Imagine if dumping waste into a landfill were made obsolete by the year 2020. In Europe, that's the goal: landfill dumps will be a thing of the past. The goal is to:
  1. Virtually eliminate landfilling
  2. Have reuse and recycling at maximum feasible level— limiting energy recovery to recyclable waste
  3. Decrease waste generation
EU’s "waste hierarchy" establishes that authorities will focus on prevention first, followed by reuse. Then followed by recycling and energy recovery, then landfilling at the end.*

About 37% of Europe’s waste ends up in landfills. About 25% is recycled, 15% composted and 23% burned.
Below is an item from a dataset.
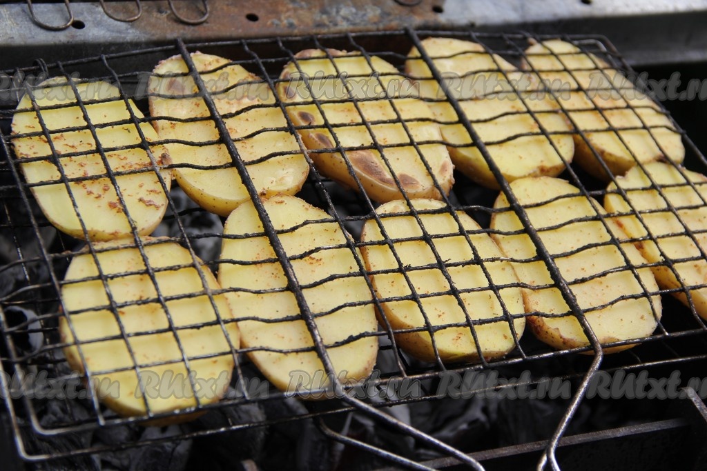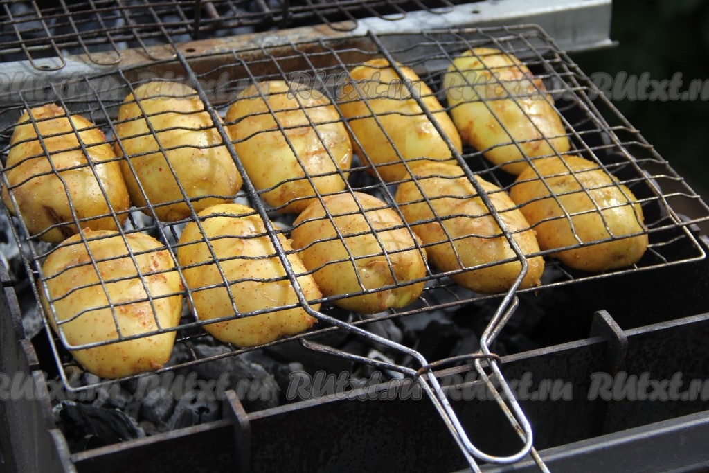 Выложить половинки картошин на решётку и зажать решётку с двух сторон. Мангал предварительно подготовить и разжечь угли. Выложить решётку с картошкой на раскалённые угли без огня. Жар у мангала должен быть хорошим, но без прямого огня.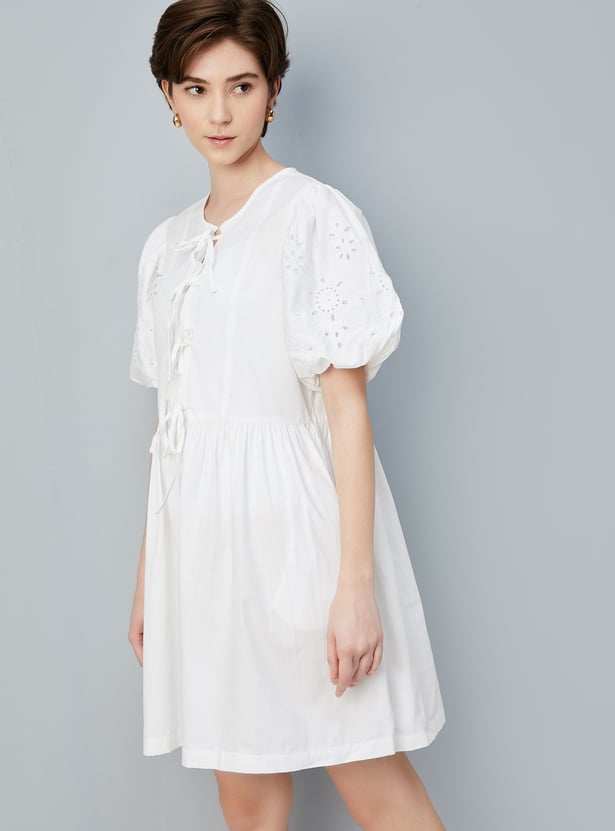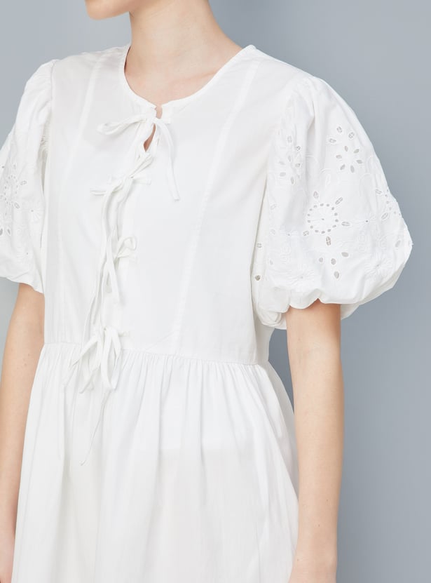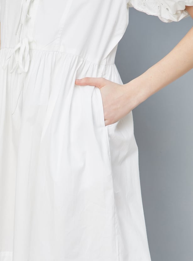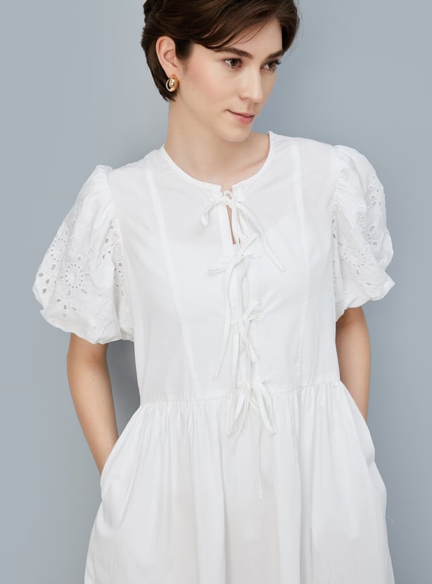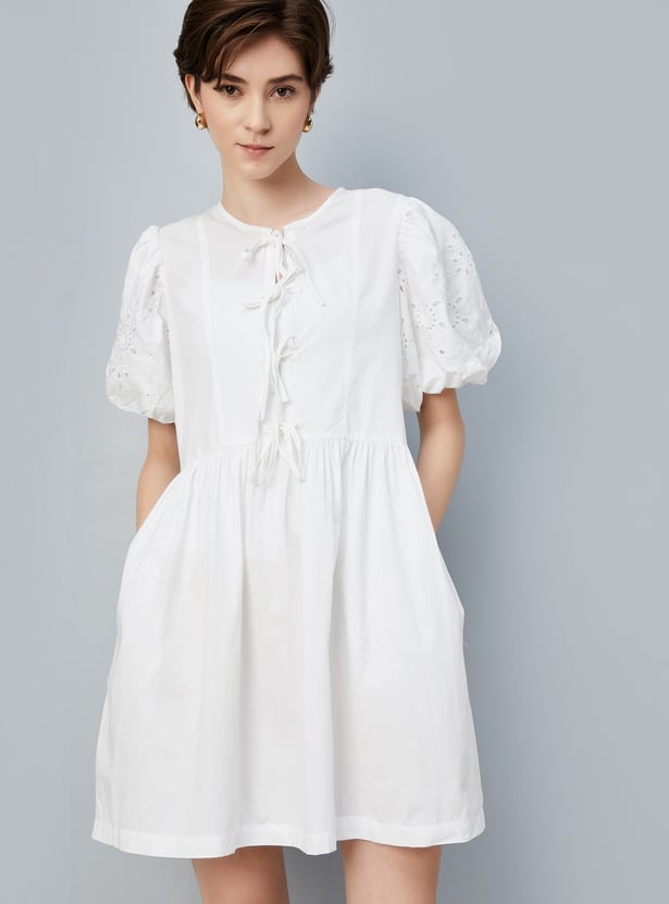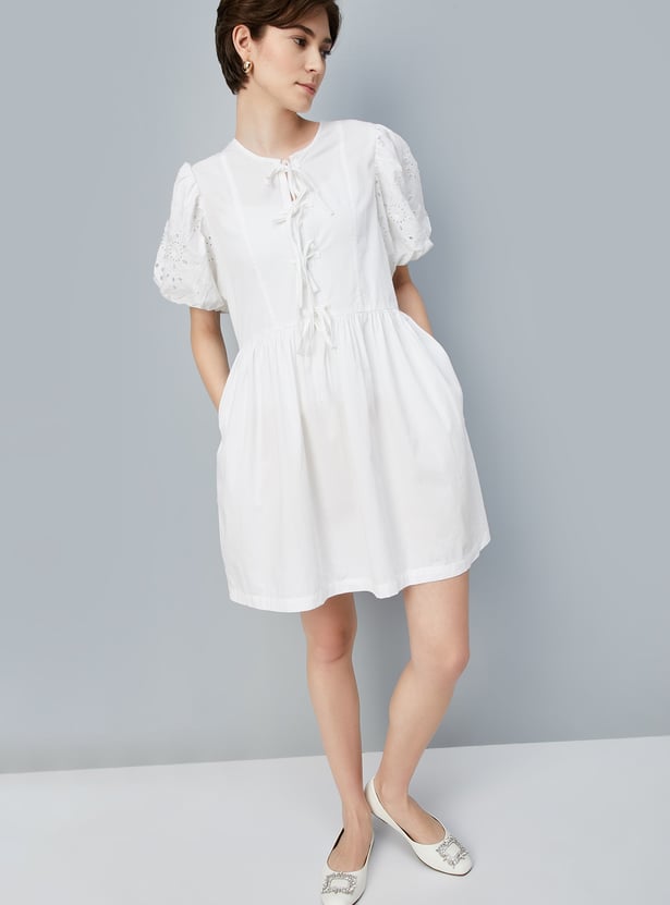 This charming A-line dress features a tie-up front, puff sleeves, and a flared hem, offering a flattering and feminine silhouette. The round neck adds a classic touch, making it perfect for both casual and dressy occasion.

These stats were recently included in a great piece on the subject of plastics and waste from the EurActiv brain trust.

In the U.S., approximately 55% of our waste ends up in landfills. (It works out to over half of the estimated 251 million tons of consumer solid waste generated each year in America.)
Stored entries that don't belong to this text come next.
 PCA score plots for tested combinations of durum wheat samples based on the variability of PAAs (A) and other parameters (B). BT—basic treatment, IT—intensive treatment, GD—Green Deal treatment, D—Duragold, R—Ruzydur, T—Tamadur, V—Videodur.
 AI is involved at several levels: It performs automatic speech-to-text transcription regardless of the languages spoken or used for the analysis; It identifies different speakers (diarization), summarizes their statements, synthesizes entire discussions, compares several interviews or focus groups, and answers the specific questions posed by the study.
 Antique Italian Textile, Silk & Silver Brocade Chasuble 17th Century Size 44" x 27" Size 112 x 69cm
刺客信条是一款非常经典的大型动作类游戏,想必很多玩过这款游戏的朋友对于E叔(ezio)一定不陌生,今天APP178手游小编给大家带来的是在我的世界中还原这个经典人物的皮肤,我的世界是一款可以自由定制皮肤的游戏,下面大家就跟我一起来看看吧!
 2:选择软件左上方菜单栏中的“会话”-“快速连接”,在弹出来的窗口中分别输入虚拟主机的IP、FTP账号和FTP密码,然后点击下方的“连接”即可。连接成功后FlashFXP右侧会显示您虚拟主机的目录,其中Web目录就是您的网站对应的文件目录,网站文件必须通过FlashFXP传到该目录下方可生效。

Seeing the landfill half full?


Waste policy in Europe is aspirational, inspirational and appears to be on its way to succeeding. A new FAQ on WEEE, electronics waste directives, was published earlier this month. For an industry example, see this examination of plastics waste, published on April 28, 2014, as the EU gears up to review waste progress.

The EU is already having success managing waste. We'd be wise to see what works for them and try similar programs. For the record, visit the US EPA page on waste, see if you can untangle this: EPA approach to waste. It's gotten better. But that's the nicest thing I can think of to say about it.